Childhood Disintegrative Disorder

Similar to Rett’s Disorder, Childhood Disintegrative Disorder (CDD) also starts off with a period of typical development. Unlike Rett’s Disorder, CDD affects many more males than females. A child with CDD usually experiences between two and four years of typical development before entering a regressive stage. Children affected by CDD can lose all of their language, toileting abilities, self-care skills, and interest in their environment. At this point the disorder can easily mimic classic autism.

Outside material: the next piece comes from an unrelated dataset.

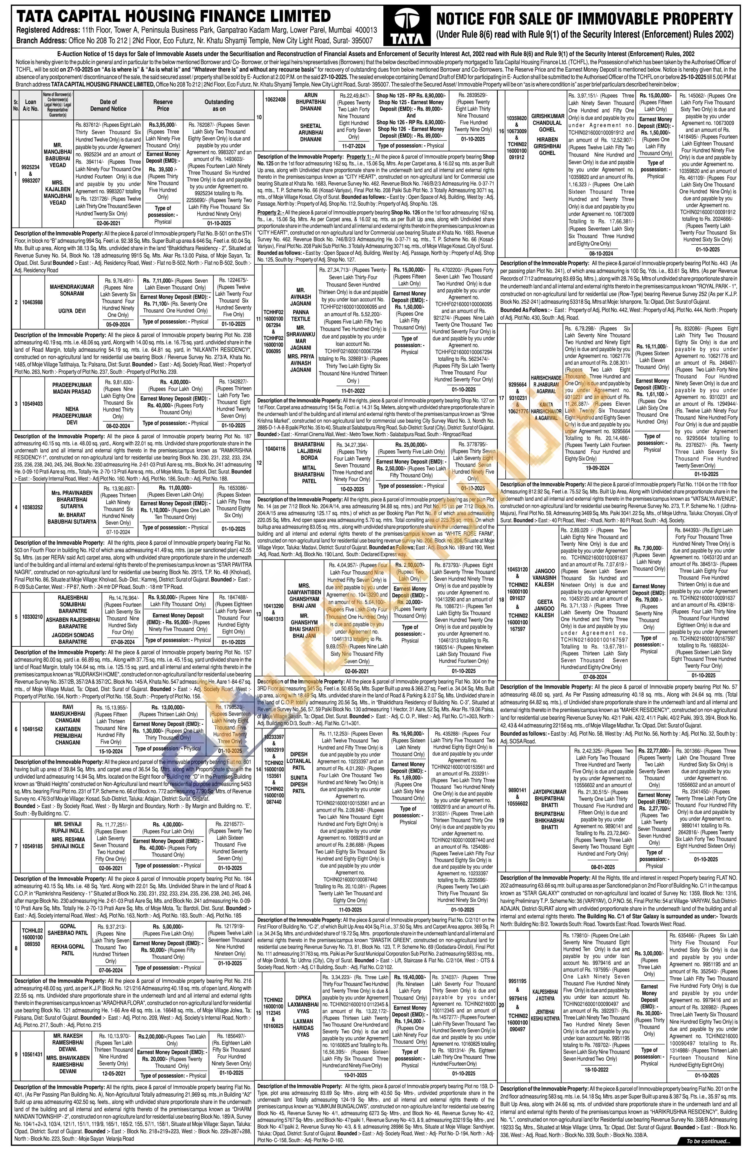All the piece & parcel of Immovable property Flat No. B-501 on the 5TH Floor, in block no "B" admeasuring 994 Sq. Feeti.e. 92.38 Sq. Mts. Super Built up area & 646 Sq. Feeti.e. 60.04 Sq. S Mts. Built up area, Along with 38.13 Sq. Mts. undivided share in the land "Bhaktidhara Residency - 2", Situated at Revenue Survey No. 54, Block No. 128 admeasuring 9915 Sq. Mts. Akar Rs. 13.00 Paisa, of Moje Sayan, Ta: Olpad, Dist. Surat Bounded:- East: - Adj. Residency Road, West :- Flat no B-502, North: Flat no B-502, South :-Adj. Residency Road
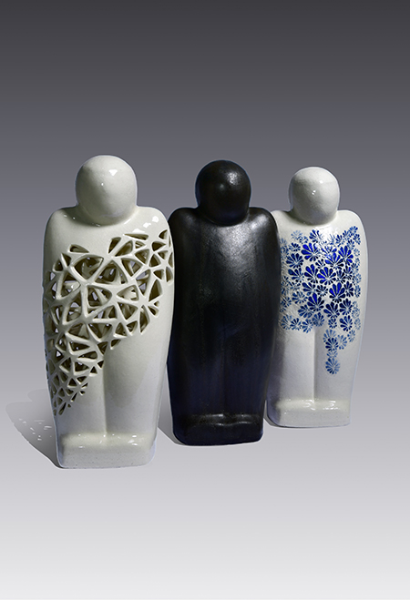 이와 함께 장식적인 그림이나 부분적으로 투각기법을 도입한 인물상은 눈코입이나 손가락과 같은 부분에 관한 묘사를 지양하여, 지극히 간결한 구조이다. 머리를 살짝 굽혀 인사하는 듯한 모양이라든가, 손발을 몸에 일체화시키는 형태가 있다. 몸통에 투각을 넣고 나뭇잎 문양으로 장식하기도 하며, 검정 단색만으로 표면 처리한 작품도 있다. 또한 한복을 입은 여인의 모습이나 아이를 품에 안은 여인상도 보인다. 부분적으로 투각이 들어가 있는데 자연스럽게 어울린다. 이들 인물상은 마치 나무처럼 곧게 선 형상으로 단정하고 단아할뿐더러 힘이 느껴진다. 이 모두 흙으로 빚어졌다는 점에서 손끝의 감각이 그대로 전해져 온다. 나무나 돌을 이용한 조각상과는 다른 온기가 느껴지는 것도 이 때문이다. 도조는 도예와 마찬가지 작업 과정을 거친다. 흙을 사용하기 때문이기도 하지만 무엇보다도 유약과 같은 재료로 표면을 처리하고, 고온에서 구워내는 방식은 예나 다름없다. 다만 형태적인 면이라든가 실용성에서 도예와는 또 다른 길이 있다. 어쩌면 순수 조형이라는 점에서는 조각에 근사하다고 할 수 있고, 예술적인 가치를 추구한다는 점에서 서로 다르지 않다. 재료와 고온에서 굽는 방식이 다르다. 따라서 고온 소성은 사금파리와 같은 견고한 물질로 바꾸어내는, 일종의 연금술과 같은 과학적인 기술의 총합이라는 점에서 도조는 독자적인 표현 영역이다. 그의 작업은 전통적인 도자기와 소조 작업을 절충하고 통합하는 방식으로 작업한다. 그러기에 도자기와 조각이 결합한 형태의 자연적인 순수한 맛과 멋을 지니고 있다. 여기에다 실용성을 가미함으로써 현대인의 생활공간에 적합한 조형미를 실현하고 있다.

Childhood Disintegrative Disorder is also called Heller’s Syndrome; Viennese educator Theodore Heller first detailed the disorder in 1908. At this point there is no known cause, nor cure, for Childhood Disintegrative Disorder. Many children with CDD see benefits through traditional therapies used for other autism spectrum disorders.

Rett’s Disorder and Childhood Disintegrative Disorder are quite uncommon. Due to their rarity, there is not much in the way of research being conducted when compared to the other autism spectrum disorders. Studies into Rett’s Disorder have been able to confirm that there is a mutation in the gene MECP2 located on the X chromosome. No such genetic link has been found in individuals with CDD. Research will continue in the hopes of bettering the lives of families affected by these two uncommon types of autism.